The questions raised by the relation between the incarnate Christ and the eternal Son are clearly Christological as well as Trinitarian. The ecumenical councils Chalcedon, Constantinople II, and Constantinople III established that Jesus Christ is the eternal Logos, who has assumed and personalized a human nature. Two natures did not join together to form a composite person; rather, the Son added humanity permanently. Constantinople II recognized the dogma of _enhypostasia_, entailing no separate, independent existence for the assumed humanity; rather, the Son personalized it. The humanity of Christ is the humanity of the Logos. The famous Cyrilline phrase, “One of the trinity suffered according to the flesh” expresses it well. The Jesus Christ of the gospels is thus _personally_ identical to the eternal Son and the post-resurrection Son. In effect, the Christology of the early church father Cyril of Alexandria (ca. 376–444), seen especially in his _Quod unus sint Christus_, was canonized.17Every act of Christ’s mediation is the act of the whole person.18

From this, *I argue that the assumption of humanity was appropriate to the Son*. If this were not so, a radical _Nestorian_ chasm would exist between the person of the Son (for whom submission to the Father was alien) and the assumed humanity (in which obedience to God was rendered). *If obedient assumed humanity is congruent with the Son Himself, it would seem that there is something about the Son that makes this congruence possible*.

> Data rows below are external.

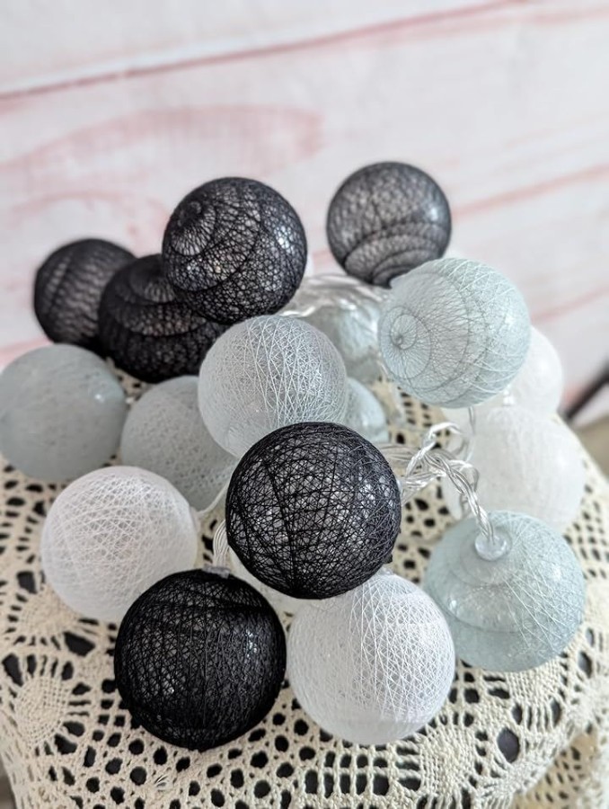 コットンボールライト=直径6センチx20個 長 さ=3メートル 材 質=銅線、PVC、コットン 生産国=中国
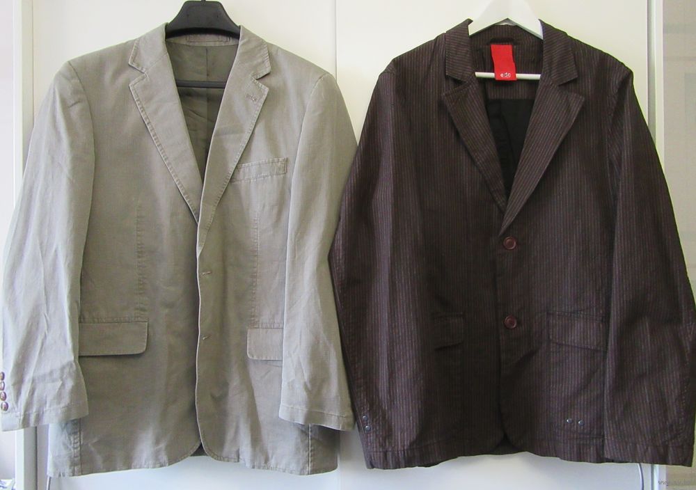 3) Синий первый пиджак ширина плеч 47 см, длина спины 75 см, длина рукава 66 см, ширина между подмышки 60 см.
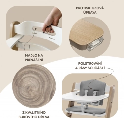 Bezpečnostní pás, protiskluzové nožky, měkké pratelné polstrování a netoxické barvy pro klidné a bezpečné používání.
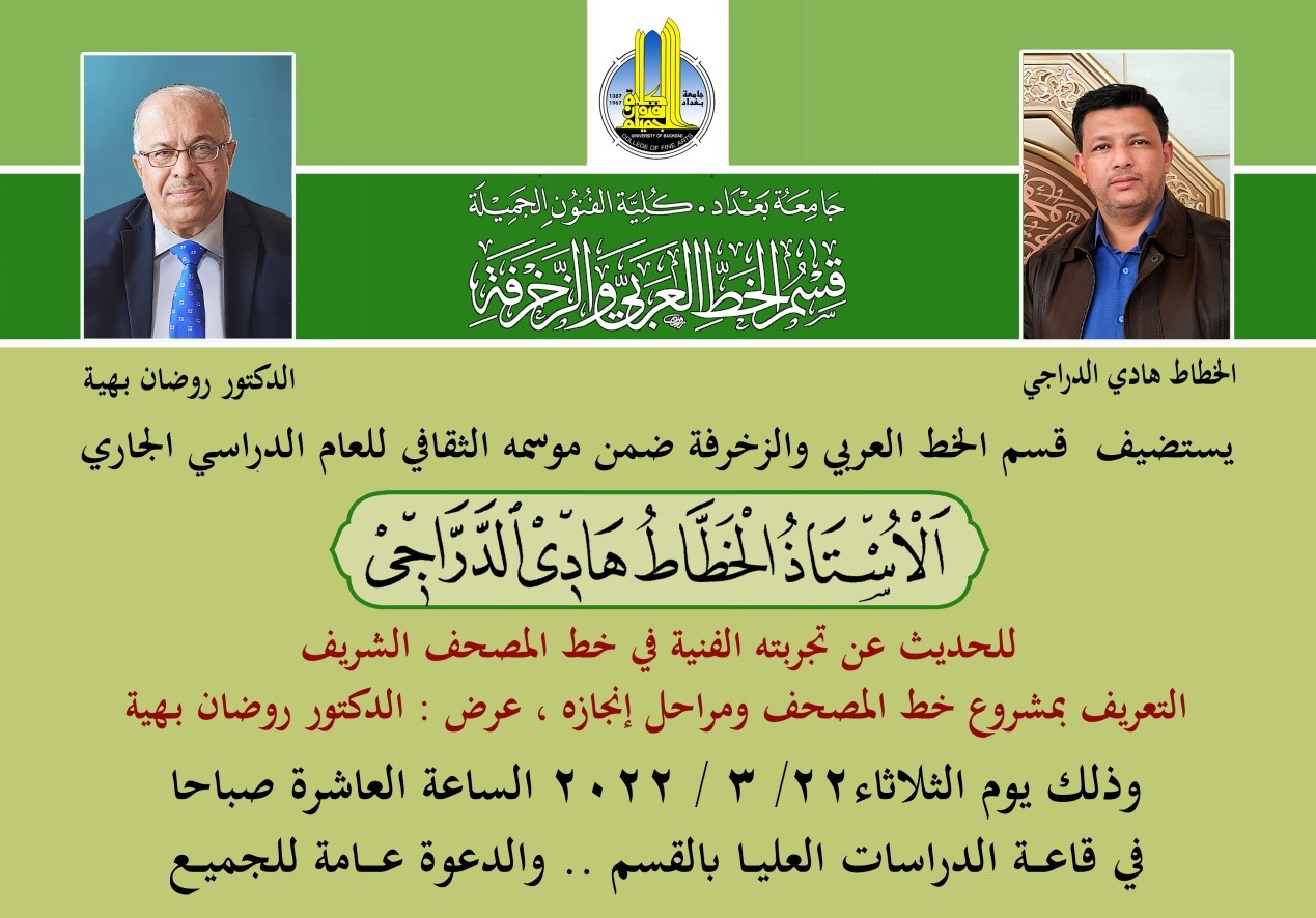 استضاف قسم الخط العربي والزخرفة بكلية الفنون الجميلة / جامعة بغداد ضمن موسمه الثقافي للعام الدراسي الجاري 2021/ 2022 الآستاذ الخطاط هادي الدراجي ، وذلك يوم الثلاثاء 22 / 3 / 2022 على قاعة الدراسات العليا في القسم ، وقد أدار اللقاء وقدم له الأستاذ الدكتور عبدالرضا بهية ، وبحضور ومشاركة الأستاذ المساعد الدكتور فرات جمال العتابي رئيس القسم ، وجمع من تدريسيي القسم وطلبته وعدد من الضيوف من خارج الكلية .

Letham writes from the following perspective:

"The prime question is whether *the obedience rendered by the incarnate Christ reflects eternal realities in God*. Giles denies it; *I affirm it*. Such an affirmation, however, needs careful qualification.

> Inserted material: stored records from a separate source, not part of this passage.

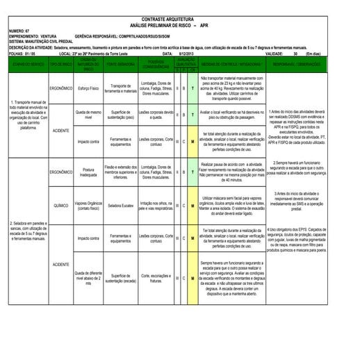 Modelo APR Preenchida 1 | PDF | Fatores humanos e Ergonomia
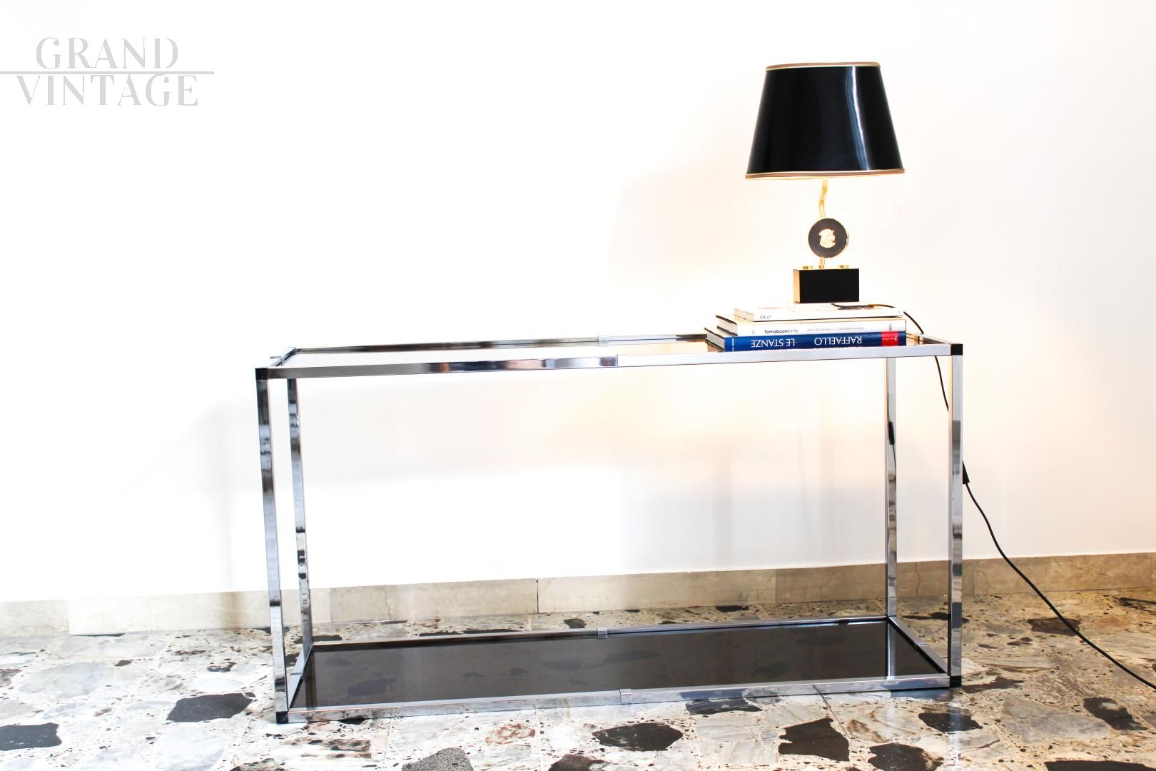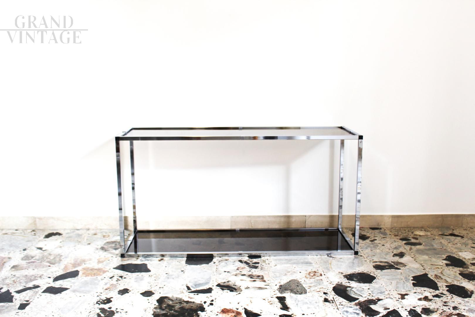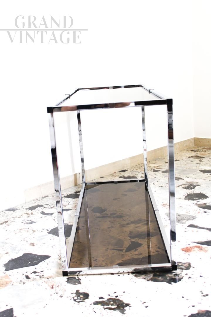 Vintage console in chromed metal and smoked glass, Italy 1970s
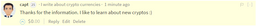 capt(25)•in #steemit•3144 days agoSuggestion: Add a short bio to commentsHi everyone! I am still new on this platform, but I have an idea to make this platform slightly better. The idea: Add a short bio to comments When you are comme...53$0.00capt(25)•in steemit•3144 days agoSuggestion: Add a short bio to commentsHi everyone! I am still new on this platform, but I have an idea to make this platform slightly better. The idea: Add a short bio to comments When you are comme...53$0.00

Giles denies a connection between the eternal Son and the obedience of Christ as _second Adam _on the following grounds. He maintains that the Son is eternally equal to the Father in power and authority, possessing the one identical divine will; that the obedience of Christ was as the second Adam, _as man_, for our salvation; and that once His saving work was done, He was exalted to the full exercise of omnipotence.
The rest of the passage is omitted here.